Please repeat word for word the line containing "Jirka slíbil, že" and every following line up to and including the last one below, pictures excluded.

+++ DATA +++

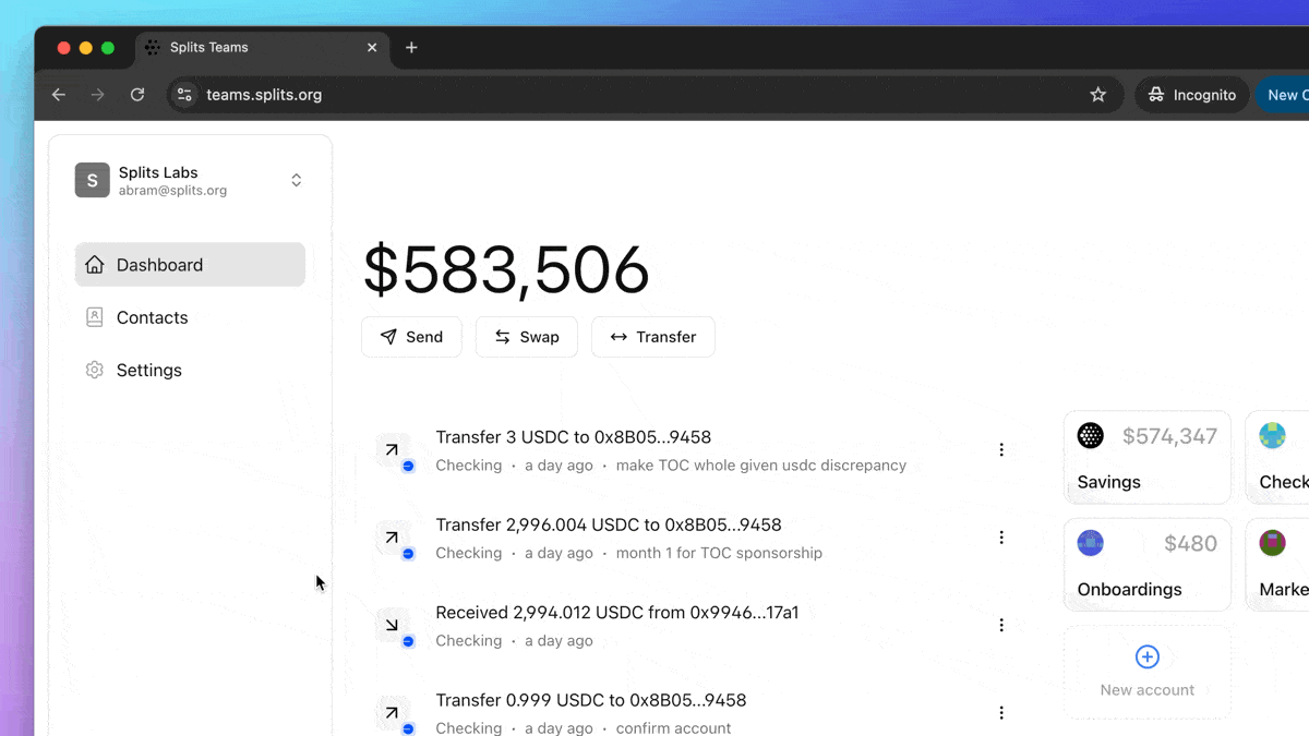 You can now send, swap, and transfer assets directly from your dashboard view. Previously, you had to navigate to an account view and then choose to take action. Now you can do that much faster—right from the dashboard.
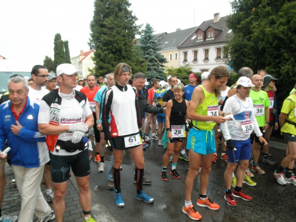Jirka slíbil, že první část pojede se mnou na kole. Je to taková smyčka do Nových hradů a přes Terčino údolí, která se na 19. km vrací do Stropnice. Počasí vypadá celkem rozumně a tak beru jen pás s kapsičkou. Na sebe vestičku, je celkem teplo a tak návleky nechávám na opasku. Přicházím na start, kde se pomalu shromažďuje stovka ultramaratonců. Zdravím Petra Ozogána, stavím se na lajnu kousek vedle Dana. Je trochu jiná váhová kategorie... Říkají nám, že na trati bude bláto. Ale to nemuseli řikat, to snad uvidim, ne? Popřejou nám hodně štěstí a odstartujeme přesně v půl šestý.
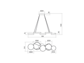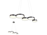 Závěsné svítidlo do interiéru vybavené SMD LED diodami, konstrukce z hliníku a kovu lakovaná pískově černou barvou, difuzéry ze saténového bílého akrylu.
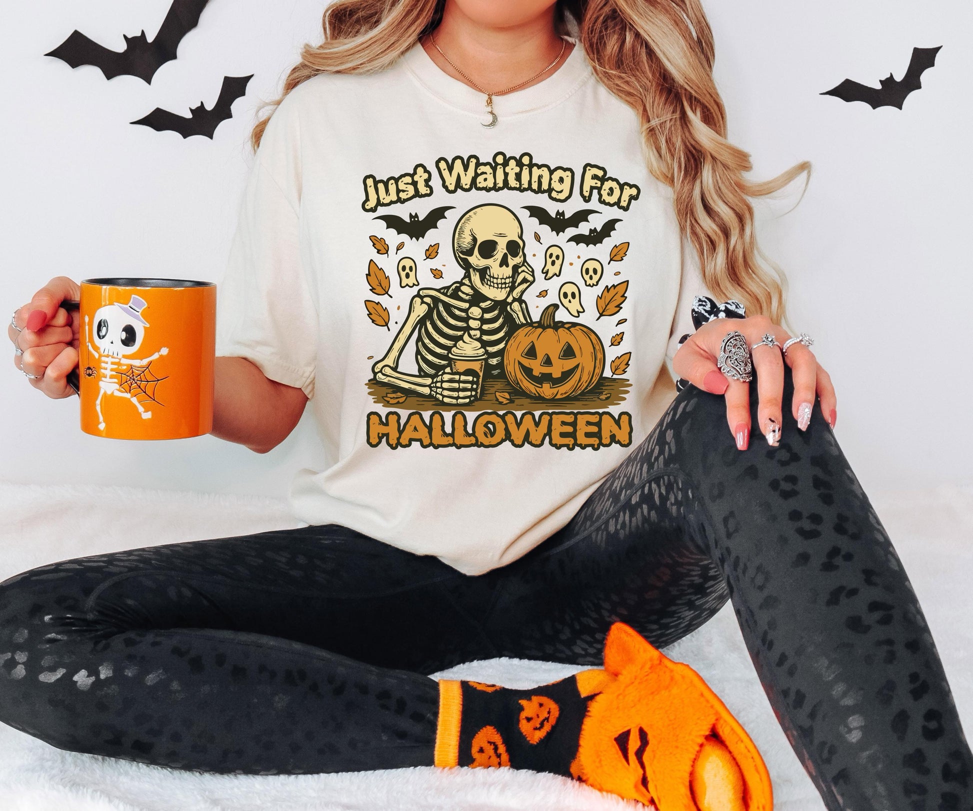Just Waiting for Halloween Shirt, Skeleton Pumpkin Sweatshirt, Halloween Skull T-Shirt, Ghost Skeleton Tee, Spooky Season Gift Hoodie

+++

> [WRITTEN SOLUTION]:
Jirka slíbil, že první část pojede se mnou na kole. Je to taková smyčka do Nových hradů a přes Terčino údolí, která se na 19. km vrací do Stropnice. Počasí vypadá celkem rozumně a tak beru jen pás s kapsičkou. Na sebe vestičku, je celkem teplo a tak návleky nechávám na opasku. Přicházím na start, kde se pomalu shromažďuje stovka ultramaratonců. Zdravím Petra Ozogána, stavím se na lajnu kousek vedle Dana. Je trochu jiná váhová kategorie... Říkají nám, že na trati bude bláto. Ale to nemuseli řikat, to snad uvidim, ne? Popřejou nám hodně štěstí a odstartujeme přesně v půl šestý.
 Závěsné svítidlo do interiéru vybavené SMD LED diodami, konstrukce z hliníku a kovu lakovaná pískově černou barvou, difuzéry ze saténového bílého akrylu.
Just Waiting for Halloween Shirt, Skeleton Pumpkin Sweatshirt, Halloween Skull T-Shirt, Ghost Skeleton Tee, Spooky Season Gift Hoodie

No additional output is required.